- Exercise description: For the lines from the one with "Quần thường ngày" to the end of the listing below, both ends included, give an exact copy and nothing more. Do not copy pictures.

*** Collected data

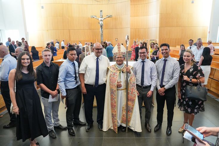 New staff from Emmaus Catholic College Kemps Creek meet Bishop Vincent Long after the 2023 Commissioning Mass.
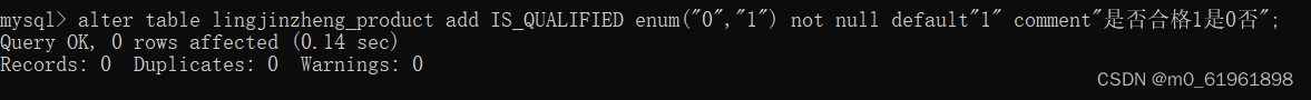 alter table lingjinzheng_product add IS_QUALIFIED enum("0","1") not null default"1" comment"是否合格1是0否";观察表中数据发现产品编号应该用整数类型,并且设置自动增加,所以你修改了产品编号字段的数据类型,并查看了产品表的字段信息
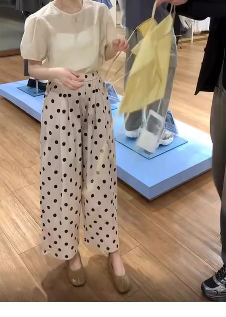 Quần thường ngày chấm bi cho nữ, cỡ lớn mùa hè, quần Yamamoto, lưng cao, dáng rộng, giảm béo, quần ống rộng, quần bóng.
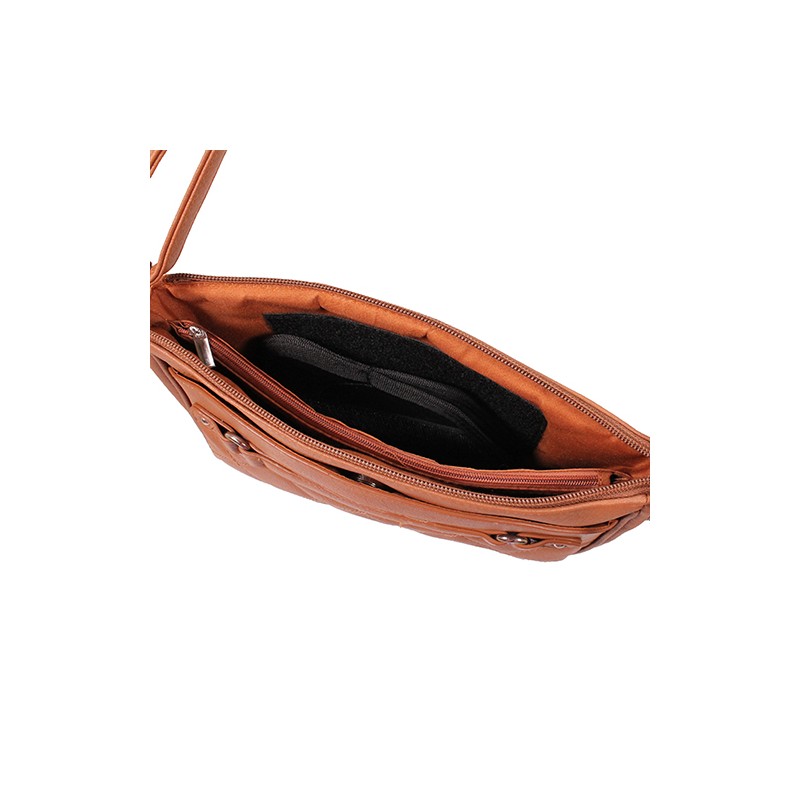 The CCW holster is located in the main zippered compartment of the purse. The bag features an adjustable shoulder strap.

******

- Response for this exercise:
 Quần thường ngày chấm bi cho nữ, cỡ lớn mùa hè, quần Yamamoto, lưng cao, dáng rộng, giảm béo, quần ống rộng, quần bóng.
 The CCW holster is located in the main zippered compartment of the purse. The bag features an adjustable shoulder strap.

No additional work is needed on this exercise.